In "The Spirit of Indian Philosophy," Sir Sarvepalli Radhakrishnan,7 after pointing out the diversity of views held by Indian thinkers, indicates seven attitudes that are characteristic of the Indian philosophical mind. (1) Concentration on the spiritual. Philosophy and religion are closely related. Humans are spiritual in nature and are primarily interested in their spiritual destiny and not in material welfare. (2) Belief in the intimate relationship of philosophy and life. (3) The introspective attitude and concern for the inner life. The inner spirit of a person, the subject rather than the object, is the focus of attention and gives the best clue to the nature of the universe. (4) The affinity with idealism. Because reality is "ultimately one and ultimately spiritual," the tendency is toward nondualistic idealism. (5) The acceptance of direct perception as the only method through which reality can be known. When the mind becomes free from the impurities of attachment and aversion through the practice of yoga or spiritual disciplines, it perceives truth directly, as one perceives a fruit lying on the palm of one's hand. Reason is useful but insufficient; it leads the seeker as far as it can and then bows out. To know reality is to experience it or to become one with it. (6) A consciousness of tradition and an acceptance of the insights of seers who have lived in the past. This has not, however, made Indian philosophy dogmatic or creedal. (7) An "overall synthetic tradition." The systems of thought are seen as complementing each other. This stress on the synthetic vision had made possible an intellectual and religious tolerance toward differences within Hinduism and toward other faiths and systems of thought. Hinduism is thus not a fixed and uniform doctrinal system; it is broad, inclusive, and tolerant of different points of view.
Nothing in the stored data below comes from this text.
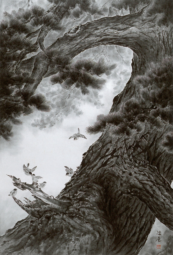 桑原逸庵 「岳高く川長し」「黄嘴歓鳴」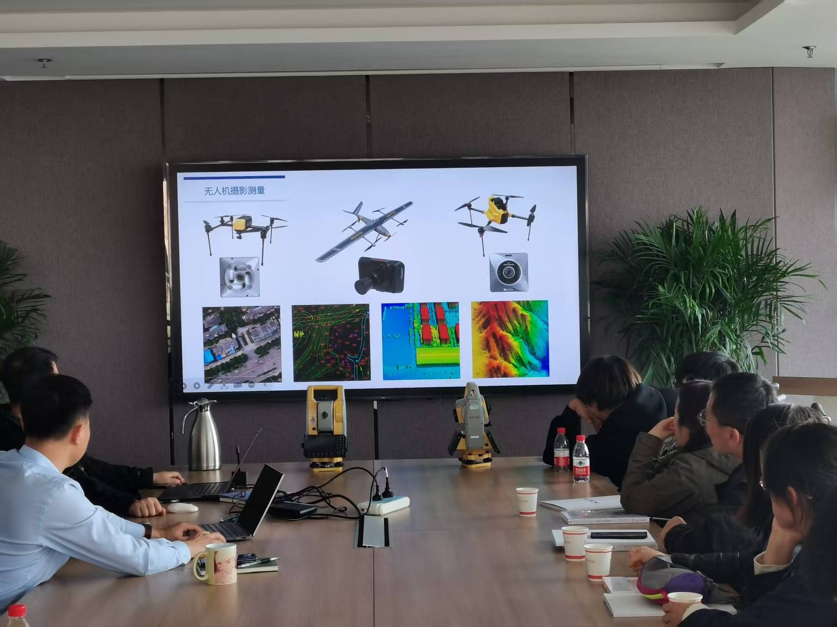 见习期间,总经理马卓齐、常锋锋经理为员工们展示了南方测绘自主研发的最新测绘装备,包括高精度全站仪、GNSS接收机、三维激光扫描仪、无人机航测系统及其应用场景和工程案例,员工们认真聆听,近距离感受测绘新技术及新装备的魅力。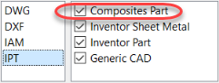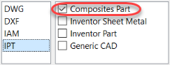 If you know you will often be using the same file type—for example, once again, composites files—you could select "Composites Part," deselect all other choices, and then save this file as an Inventor Nesting template with a meaningful name such as justcomposites.inest. ( .)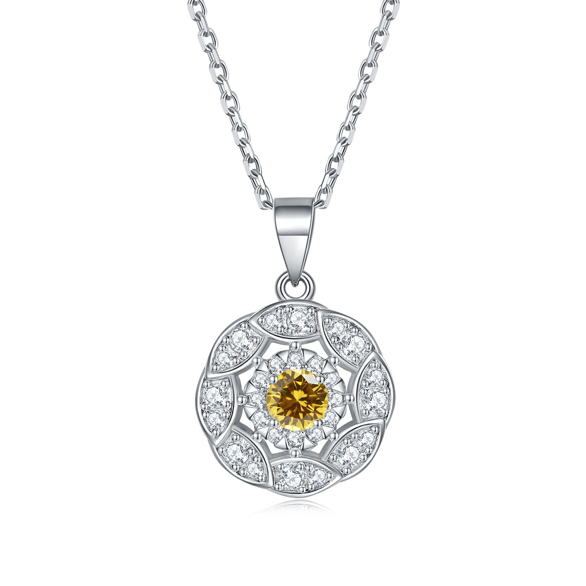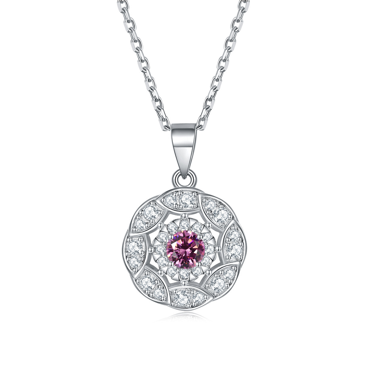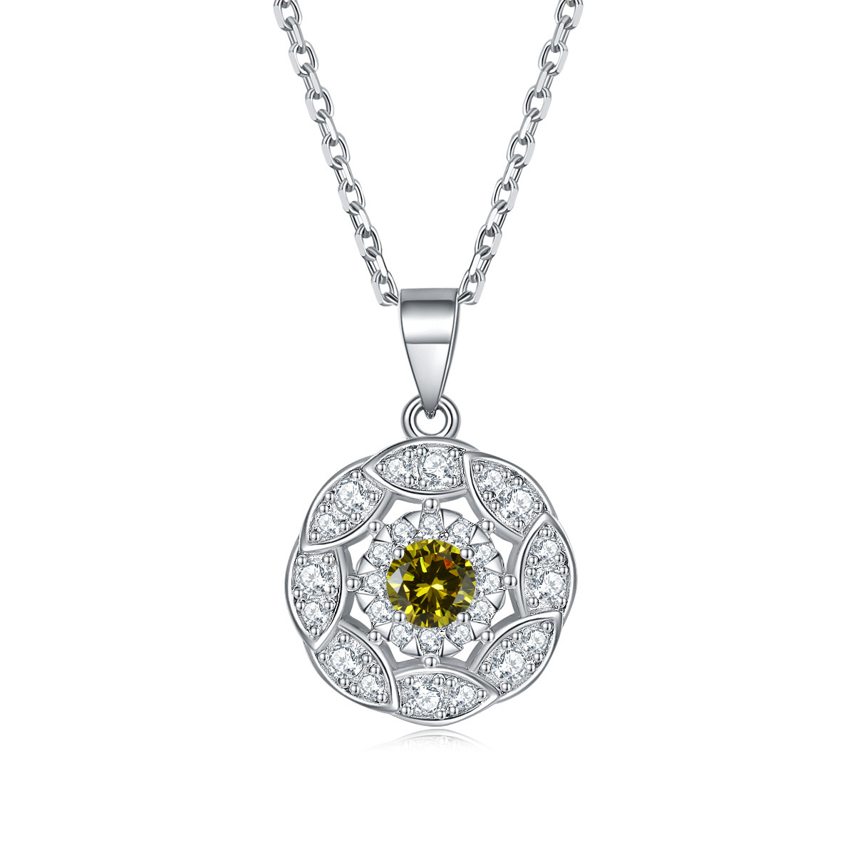 Color Zircon Zodiac Ladies 925 Sterling Silver European and American Necklace Premium Foreign Trade New Round Clavicle Chain

2. R. K. C. Forman, (ed.)., Religions of the World, 3rd ed. (New York: St. Martin's, 1993), p. 83.

3. For a more detailed look at these periods, see Klaus K. Klostermaier, A Survey of Hinduism (Albany: State University of New York Press, 1989).

4. N. Smart, The Religious Experience of Mankind, 3rd ed. (New York: Scribner's, 1985), p. 126. We advise any student of religion to refer to this book in its most recent edition.

5. M. Hiriyanna, The Essentials of Indian Philosophy (London: Allen and Unwin, 1949), p. 158.

6. See V. S. Naravane, Modern Indian Thought: A Philosophical Survey (London: Asia Publishing House, 1964).

7. S. Radhakrishnan, and C. A. Moore, eds., A Source Book in Indian Philosophy (Princeton: Princeton University Press, 1957), pp. xx-xxvi.